Perkembangan teknologi yang semakin maju banyak membawa perubahan. Adanya berbagai teknologi yang dibuat manusia semakin mempermudah aktivitas manusia seperti penggunaan mesin. Selain dampak positif, perkembangan teknologi juga membawa dampak negatif, yaitu menggeser nilai-nilai kebudayaan lokal. Manusia yang selalu berfikir praktis perlahan meninggalkan kebudayaan tradisional yang terikat banyak norma. Kesadaran untuk menjaga kearifan lokal diperlukan untuk menjaganya dari kepunahan.

Kearifan lokal terbentuk sebagai keunggulan budaya masyarakat setempat maupun kondisi geografis. Dalam arti luas kearifan lokal merupakan produk budaya masa lalu yang terjadi secara terus menerus dan dijadikan pedoman hidup. Meskipun bernilai lokal tetapi nilai yang terkandung di dalamnya dianggap sangat universal (Sari, 2016).

Kearifan budaya lokal Indonesia harus dijaga karena merupakan ciri khas bangsa Indonesia walaupun zaman telah mengalami perkembangan IPTEK yang semakin maju. Bukan tidak mungkin Indonesia akan menjadi negara maju dengan tetap mempertahankan kearifan budaya lokal yang dimilikinya. Hal tersebut tentunya akan dikelola oleh SDM dari bangsa Indonesia sendiri dan pada tahun 2030 Indonesia akan mengalami bonus demografi.

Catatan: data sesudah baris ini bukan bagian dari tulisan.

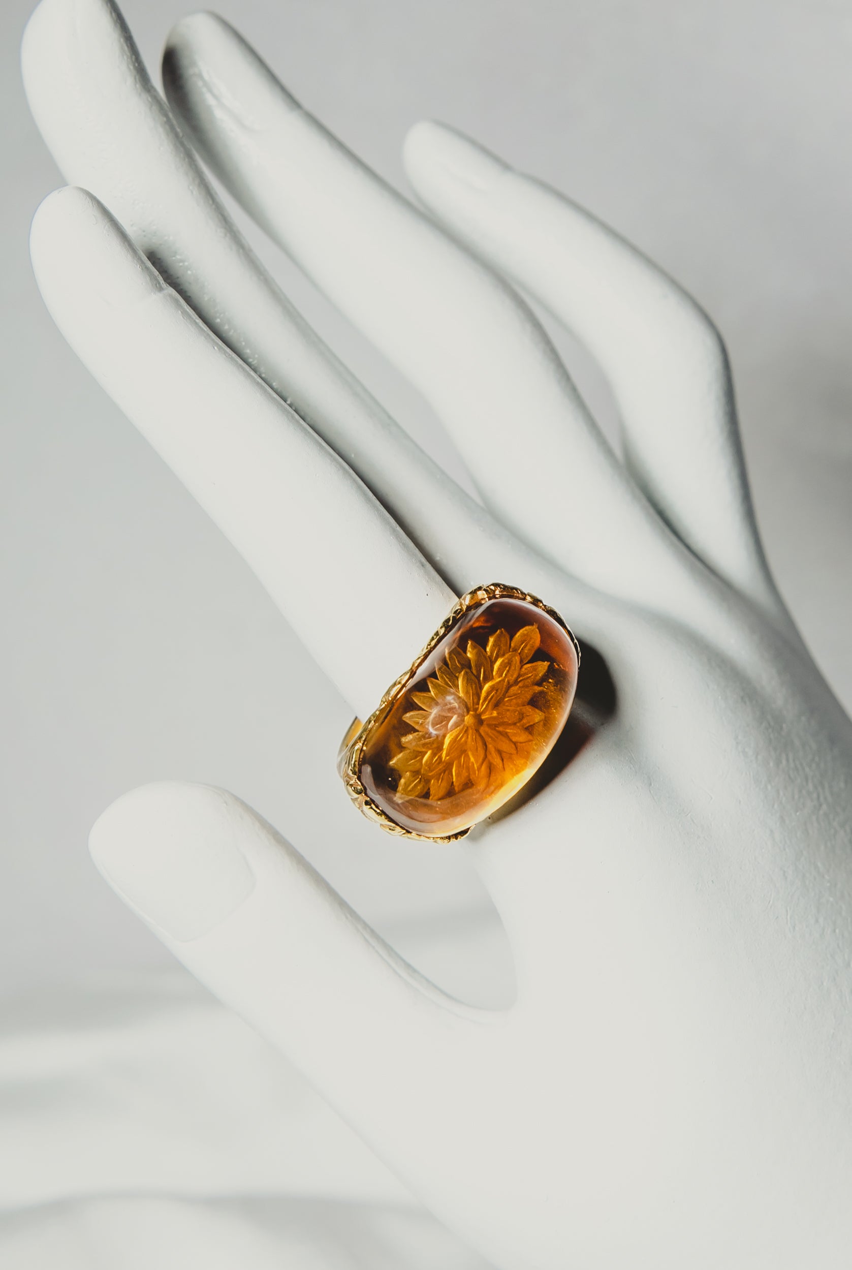 From the fabled German gem cutting center Idar-Obersteinin, we are just giddy over this ring. The wax casting was lost in the citrine and the illusion is mesmerizing.

 Bonus demografi adalah fenomena struktur penduduk menguntungkan  dari  sisi  pembangunan. Jumlah penduduk usia produktif (15-64 th)  sangat besar, sementara jumlah penduduk usia muda (0-14 tahun)  dan usia lanjut (65+) lebih sedikit. Di Indonesia bonus demografi akan dicapai kira-kira tahun 2020-2035. Hal ini diharapkan dapat dimanfaatkan dengan sebaik-baiknya sehingga mendapat keuntungan. Apabila pemanfaatan bonus demografi tidak berjalan dengan baik, maka Indonesia akan mendapat petaka (Dewi dkk, 2020).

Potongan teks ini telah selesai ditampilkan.